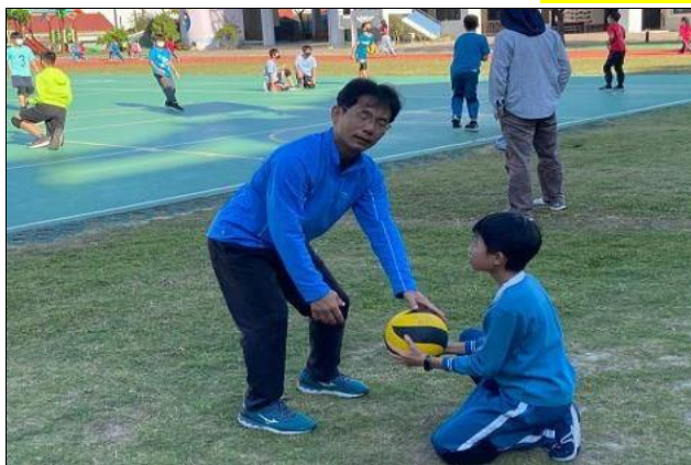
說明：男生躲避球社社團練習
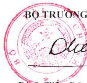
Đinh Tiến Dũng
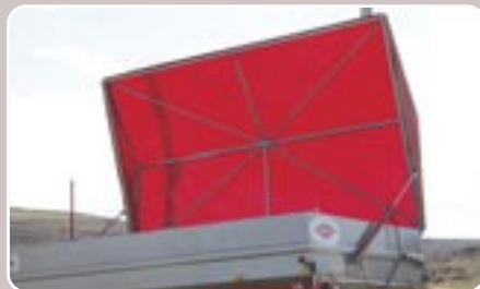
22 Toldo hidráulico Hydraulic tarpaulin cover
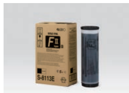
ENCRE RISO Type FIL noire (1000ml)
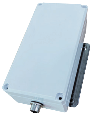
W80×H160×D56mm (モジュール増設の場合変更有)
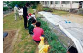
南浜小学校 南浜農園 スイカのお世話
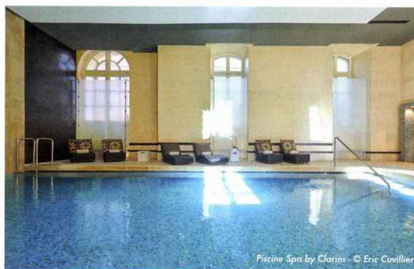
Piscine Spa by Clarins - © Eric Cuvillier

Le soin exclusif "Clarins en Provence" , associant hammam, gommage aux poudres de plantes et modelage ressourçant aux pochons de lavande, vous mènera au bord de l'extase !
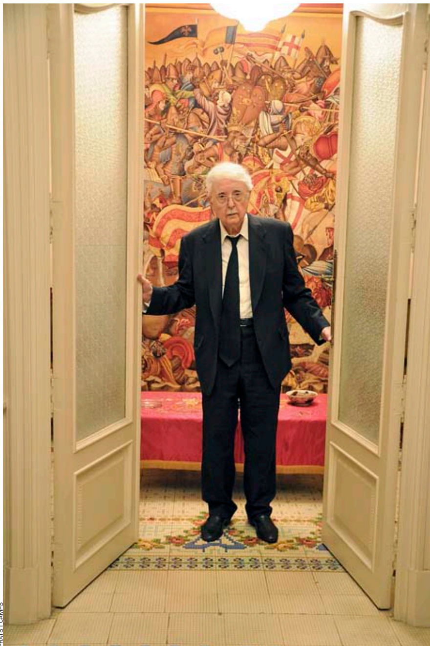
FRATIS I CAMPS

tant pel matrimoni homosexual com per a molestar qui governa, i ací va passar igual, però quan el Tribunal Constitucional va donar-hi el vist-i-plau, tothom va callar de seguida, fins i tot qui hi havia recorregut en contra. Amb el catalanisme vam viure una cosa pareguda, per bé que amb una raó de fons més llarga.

--

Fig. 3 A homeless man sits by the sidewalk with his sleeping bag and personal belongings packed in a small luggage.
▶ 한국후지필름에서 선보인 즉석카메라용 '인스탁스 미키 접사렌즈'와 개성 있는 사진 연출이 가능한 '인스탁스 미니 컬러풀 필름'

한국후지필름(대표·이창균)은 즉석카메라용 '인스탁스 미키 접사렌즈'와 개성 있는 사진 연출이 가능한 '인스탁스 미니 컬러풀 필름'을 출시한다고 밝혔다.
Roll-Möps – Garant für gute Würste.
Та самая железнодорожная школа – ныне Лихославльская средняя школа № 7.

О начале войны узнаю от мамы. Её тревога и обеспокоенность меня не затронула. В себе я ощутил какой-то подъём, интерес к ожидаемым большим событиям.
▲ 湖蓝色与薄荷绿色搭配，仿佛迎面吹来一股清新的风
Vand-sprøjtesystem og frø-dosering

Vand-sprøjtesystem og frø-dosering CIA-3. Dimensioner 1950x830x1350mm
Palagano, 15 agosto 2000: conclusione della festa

_TO DO_
Restate word for word every line from the one with "說明：男生躲避球社社團練習" up to and including the one with "tant pel matrimoni" in the records above, minus the pictures.

_SOLUTION_
說明：男生躲避球社社團練習
Đinh Tiến Dũng
22 Toldo hidráulico Hydraulic tarpaulin cover
ENCRE RISO Type FIL noire (1000ml)
W80×H160×D56mm (モジュール増設の場合変更有)
南浜小学校 南浜農園 スイカのお世話
Piscine Spa by Clarins - © Eric Cuvillier

Le soin exclusif "Clarins en Provence" , associant hammam, gommage aux poudres de plantes et modelage ressourçant aux pochons de lavande, vous mènera au bord de l'extase !
FRATIS I CAMPS

tant pel matrimoni homosexual com per a molestar qui governa, i ací va passar igual, però quan el Tribunal Constitucional va donar-hi el vist-i-plau, tothom va callar de seguida, fins i tot qui hi havia recorregut en contra. Amb el catalanisme vam viure una cosa pareguda, per bé que amb una raó de fons més llarga.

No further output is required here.